The Medicare Payment Advisory Commission has recommended a 4% reduction in skilled nursing facility payments in 2016, prompting an outcry from providers.

MedPAC in the past has calculated long-term care margins to be much higher than providers say they are. However, at a meeting Thursday, the group put the overall 2012 LTC margin at 1.8%. The recommended reimbursement reductions cannot be reconciled with margins that are so low, and such cuts would threaten resident care and the implementation of healthcare reform, said critics at the American Health Care Association/National Center for Assisted Living, the nation’s largest provider organization.

“The skilled nursing profession welcomes new payment models, but cuts to the market basket will only thwart providers’ ability to prepare and invest in these reforms,” said Mark Parkinson, CEO and president of AHCA/NCAL.

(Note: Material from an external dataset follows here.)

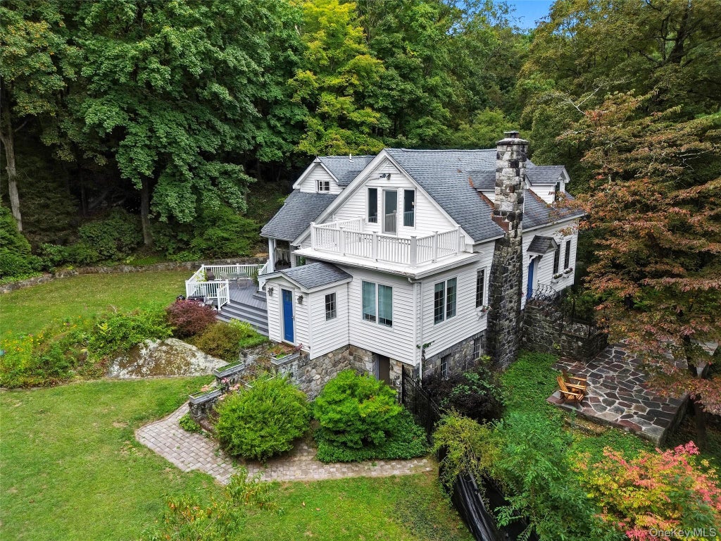 1930s Cape Cod Revival Colonial in the Lake Woodrock Community - Your own private retreat nestled among mature trees, natural outcroppings, and a stones throw away from the lake with seasonal views. This is an ideal home if you are seeking a peaceful, countryside feel and under an hour from NYC, wonderful for everyday living or the the perfect weekend country residence. A home that seamlessly blends architectural details with modern comforts, creating a warm, inviting atmosphere that exudes character and charm. Set on a peaceful country lane across the road from lake, there is a graceful curved paver driveway winding up to the residence, flagstone and slate walkways, stone walls, perennial gardens, and natural rock formations enhance it's visual appeal. A magical space invites you to sit, relax, and marvel at the natural beauty surrounding you. There is a flexible first-floor layout offering a variety of living options, including a bonus room that could serve as a fourth bedroom. The spacious kitchen opens to the dining area, with two sets of double doors leading to the expansive deck—ideal for outdoor entertaining, showing off views of the surrounding landscape. There is a sitting room which could be transformed into a formal dining space, and a cozy music room with a door to the deck, also could function as potential office space. The living room features a striking riverstone fireplace and charming original details, creating a welcoming atmosphere. An adjacent office with its own garden entrance adds convenience, and versatile for extra sleep space if needed. Off the foyer, the iconic cheerful vintage yellow powder room adds nostalgic charm. Upstairs, you'll find three bedrooms, two full renovated bathrooms, and a convenient laundry area. The primary suite boasts vaulted ceilings and a private bath, while a second large bedroom offers access to a roof deck overlooking the gardens. Both bedrooms are equipped with split duct cooling for added comfort. The lower level includes a walkout to the garage, a finished room perfect for a home office or studio, and ample storage and utility space. The fenced yard, surrounded by nature, offers privacy and tranquility. There is a small annual fee for maintenance of the lake and its beach, kayaks, paddleboards and swimming allowed, nature lovers, there are occasional visits from eagles, ducks, herons, otters and turtles; anglers may catch small sunfish or catfish. Taxes under 15K.

In January 2012, MedPAC called for a 4% reduction to take effect in fiscal year 2014, with subsequent cuts to follow. The group, which provides Medicare policy guidance to Congress, formalized that recommendation in March.

As with all MedPAC recommendations to cut LTC provider payments in recent years, lawmakers essentially chose to ignore them last year. Instead, they made gentler adjustments.

MedPAC commissioners also recently said that post-acute payment reform could begin by narrowing the difference between therapy reimbursements for skilled nursing facilities and inpatient rehabilitation facilities. An American Hospital Association executive blasted this proposal in a Dec. 11 letter to MedPAC Chairman Glenn M. Hackbarth.

“IRFs are required to admit only patients who require hospital-level services, and payments should reflect the cost of providing that level of care,” wrote Linda E. Fishman, AHA senior vice president, public policy analysis and development. “SNF rates are wholly inadequate for IRF-level care.”